WORK TASK: Take the material below and output exactly the run of lines from the one containing "镜头最终推到火车车门处,停在车门打开的缝隙 + 一个正要挤上车的旅客的背影,结束。" down to the one containing "This mid-length dress", with both included.

MATERIAL TO PROCESS:
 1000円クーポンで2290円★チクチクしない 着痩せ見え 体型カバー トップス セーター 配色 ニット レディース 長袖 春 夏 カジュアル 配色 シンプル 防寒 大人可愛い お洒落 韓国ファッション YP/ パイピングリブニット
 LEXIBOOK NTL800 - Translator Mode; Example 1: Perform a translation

...

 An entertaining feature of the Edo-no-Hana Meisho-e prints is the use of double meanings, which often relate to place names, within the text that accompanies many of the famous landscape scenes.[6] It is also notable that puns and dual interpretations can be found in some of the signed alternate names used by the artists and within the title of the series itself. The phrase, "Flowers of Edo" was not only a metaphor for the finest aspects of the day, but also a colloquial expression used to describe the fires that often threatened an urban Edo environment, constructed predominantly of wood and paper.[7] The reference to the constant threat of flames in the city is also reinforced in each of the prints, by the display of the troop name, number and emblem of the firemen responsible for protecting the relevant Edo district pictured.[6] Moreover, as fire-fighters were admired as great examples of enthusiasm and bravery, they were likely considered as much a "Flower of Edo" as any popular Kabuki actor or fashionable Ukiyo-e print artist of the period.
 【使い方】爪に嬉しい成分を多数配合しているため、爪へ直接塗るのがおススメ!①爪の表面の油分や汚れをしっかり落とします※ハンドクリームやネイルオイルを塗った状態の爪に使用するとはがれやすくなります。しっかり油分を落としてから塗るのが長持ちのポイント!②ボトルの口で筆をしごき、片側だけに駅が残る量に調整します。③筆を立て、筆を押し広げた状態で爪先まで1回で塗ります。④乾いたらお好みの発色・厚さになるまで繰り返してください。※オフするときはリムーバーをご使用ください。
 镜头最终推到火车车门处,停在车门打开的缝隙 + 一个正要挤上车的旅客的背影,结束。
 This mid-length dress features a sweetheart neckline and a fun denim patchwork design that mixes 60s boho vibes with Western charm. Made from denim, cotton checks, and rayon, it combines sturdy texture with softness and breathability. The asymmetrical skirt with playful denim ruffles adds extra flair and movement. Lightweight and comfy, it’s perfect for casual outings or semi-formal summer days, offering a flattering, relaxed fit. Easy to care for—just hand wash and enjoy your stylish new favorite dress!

* * *

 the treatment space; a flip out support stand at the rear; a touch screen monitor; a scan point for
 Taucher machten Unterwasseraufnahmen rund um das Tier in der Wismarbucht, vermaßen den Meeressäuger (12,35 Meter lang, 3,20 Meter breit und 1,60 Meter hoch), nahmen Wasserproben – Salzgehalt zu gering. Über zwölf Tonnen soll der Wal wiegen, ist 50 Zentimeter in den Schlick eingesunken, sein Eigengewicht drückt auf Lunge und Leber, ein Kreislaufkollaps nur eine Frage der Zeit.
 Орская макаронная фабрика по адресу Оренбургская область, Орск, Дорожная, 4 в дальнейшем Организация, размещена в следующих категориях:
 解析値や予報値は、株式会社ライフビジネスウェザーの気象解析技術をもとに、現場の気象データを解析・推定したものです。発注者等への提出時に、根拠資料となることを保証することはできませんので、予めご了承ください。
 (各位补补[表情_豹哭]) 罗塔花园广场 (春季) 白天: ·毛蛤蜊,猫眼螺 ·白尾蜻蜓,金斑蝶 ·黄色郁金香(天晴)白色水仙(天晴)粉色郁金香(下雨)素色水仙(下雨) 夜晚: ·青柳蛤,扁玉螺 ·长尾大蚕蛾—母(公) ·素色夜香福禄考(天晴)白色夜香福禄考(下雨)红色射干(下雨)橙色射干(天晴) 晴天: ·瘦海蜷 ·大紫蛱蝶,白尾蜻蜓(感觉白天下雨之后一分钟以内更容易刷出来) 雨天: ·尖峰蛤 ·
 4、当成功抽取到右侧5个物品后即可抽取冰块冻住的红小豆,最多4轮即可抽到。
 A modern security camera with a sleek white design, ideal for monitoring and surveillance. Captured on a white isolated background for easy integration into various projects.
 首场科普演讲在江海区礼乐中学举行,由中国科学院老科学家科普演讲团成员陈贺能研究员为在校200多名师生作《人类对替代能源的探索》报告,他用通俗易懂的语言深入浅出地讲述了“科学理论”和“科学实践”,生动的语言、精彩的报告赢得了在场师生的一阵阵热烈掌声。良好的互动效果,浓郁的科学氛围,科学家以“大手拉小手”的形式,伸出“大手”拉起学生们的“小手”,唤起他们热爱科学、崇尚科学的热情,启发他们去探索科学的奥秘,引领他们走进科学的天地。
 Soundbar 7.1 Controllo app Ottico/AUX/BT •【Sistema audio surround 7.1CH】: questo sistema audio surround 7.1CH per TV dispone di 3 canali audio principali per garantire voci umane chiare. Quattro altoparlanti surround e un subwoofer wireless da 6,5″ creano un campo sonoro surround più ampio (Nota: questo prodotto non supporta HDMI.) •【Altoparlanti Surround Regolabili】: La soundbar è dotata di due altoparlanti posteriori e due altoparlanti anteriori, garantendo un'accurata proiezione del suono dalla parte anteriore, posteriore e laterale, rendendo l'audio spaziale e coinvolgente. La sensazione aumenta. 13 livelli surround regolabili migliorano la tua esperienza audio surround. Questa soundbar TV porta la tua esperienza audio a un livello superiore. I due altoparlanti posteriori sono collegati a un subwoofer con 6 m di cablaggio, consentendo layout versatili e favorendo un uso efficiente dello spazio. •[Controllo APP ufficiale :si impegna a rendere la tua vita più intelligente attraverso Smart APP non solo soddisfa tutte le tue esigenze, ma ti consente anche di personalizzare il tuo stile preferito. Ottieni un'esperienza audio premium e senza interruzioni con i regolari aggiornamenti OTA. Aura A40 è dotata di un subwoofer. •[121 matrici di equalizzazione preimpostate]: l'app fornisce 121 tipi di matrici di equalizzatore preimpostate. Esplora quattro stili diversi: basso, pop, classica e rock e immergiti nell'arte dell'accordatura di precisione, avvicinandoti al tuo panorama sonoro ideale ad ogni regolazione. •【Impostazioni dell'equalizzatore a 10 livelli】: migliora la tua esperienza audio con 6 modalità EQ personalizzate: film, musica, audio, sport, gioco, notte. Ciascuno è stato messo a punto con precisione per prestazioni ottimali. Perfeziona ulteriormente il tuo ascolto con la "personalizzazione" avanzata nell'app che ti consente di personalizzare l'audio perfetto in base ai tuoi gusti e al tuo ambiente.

RESULT OF THE TASK:
 镜头最终推到火车车门处,停在车门打开的缝隙 + 一个正要挤上车的旅客的背影,结束。
 This mid-length dress features a sweetheart neckline and a fun denim patchwork design that mixes 60s boho vibes with Western charm. Made from denim, cotton checks, and rayon, it combines sturdy texture with softness and breathability. The asymmetrical skirt with playful denim ruffles adds extra flair and movement. Lightweight and comfy, it’s perfect for casual outings or semi-formal summer days, offering a flattering, relaxed fit. Easy to care for—just hand wash and enjoy your stylish new favorite dress!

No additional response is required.